The siren call of the 6" alloy strips was answered. I bought 6 meters of 15cm x 10mm x  [20' x 6" x 3/8"] alloy strip [plate] in excellent condition for about £40 [$50US.] For 24kg or 50lbs I thought this price was very fair indeed. I should have easily enough to clad both bearing housings and lots more left for the base. It is smarter and stiffer than oak strips and completely immune to damp! It will even take a thread.

The metal clad housing certainly looks far better than wood. At least to my eyes. My desire for 7" wide strip proved to be a hangover from the wooden housings. 6" is actually a smidgen too wide where the plates rest naturally against the enclosed studs. [all threads]

I need to trim two plates if they are going to be sandwiched between two 'outers.' That won't be a lot of fun because it takes a quarter of an hour just to saw across one 6" width with the electric jigsaw. [US: sticksaw?] That was with frequent stops to lightly oil the blade and the cutting line.

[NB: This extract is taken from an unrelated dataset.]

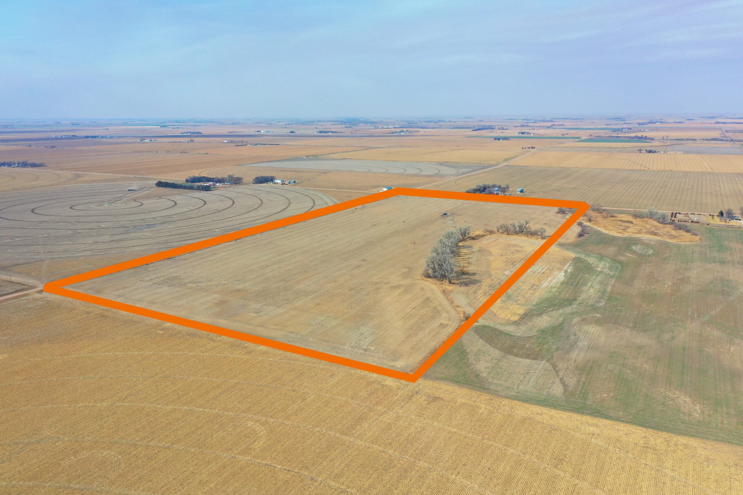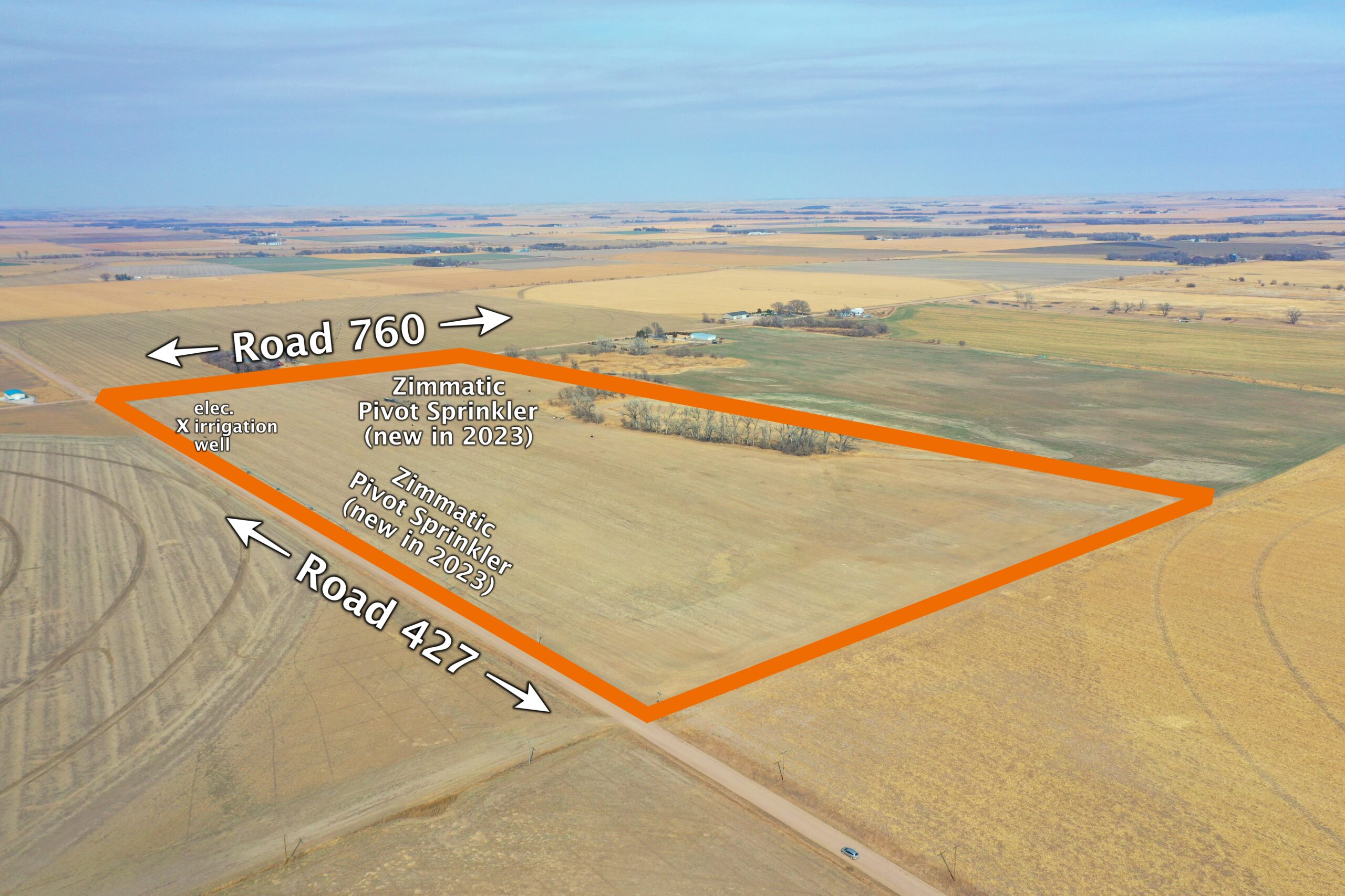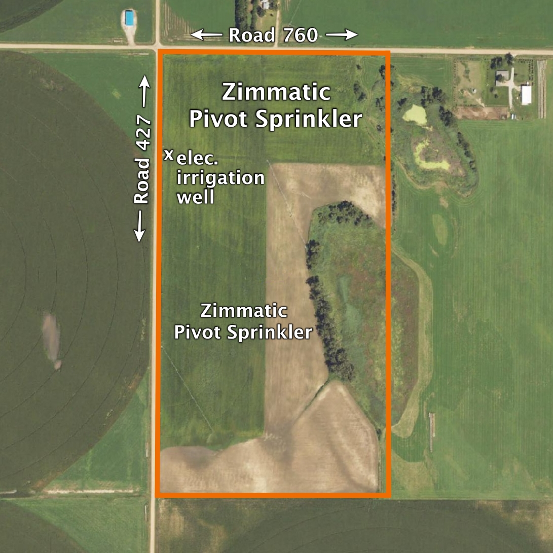 About the Land: 80.1 Acres, more or less, according to Dawson County Assessor’s records. Consisting of good quality pivot irrigated cropland and (2) three tower Zimmatic pivot sprinkler systems (both new in 2023), Remainder of the land includes non-irrigated cropland and treed area.

Otherwise the teeth just build up metal and won't cut. Perhaps I should examine other jigsaw blades intended for light alloys. I just used the last remaining 'metal' cutting blade in my limited collection. I mostly cut wood with the jigsaw.

There was lots of noisy abrading with a coarse disk on the angle grinder to get this far. The ends needed to be smoothed, squared and trued with a try square after the sawing. Since the plates define the squareness of the flange bearings the ends must be absolutely square.

The declination housing plates are 42cm or 16.5" long between the flange bearings. Slightly longer than the polar axis housing at 14". The declination wormwheel has to be added and room left for the counterweights. I don't need to add load spreading plates now to protect the previous wood panels from being crushed. Though I do need a worm support plate for both axes.


Click any image for an enlargement.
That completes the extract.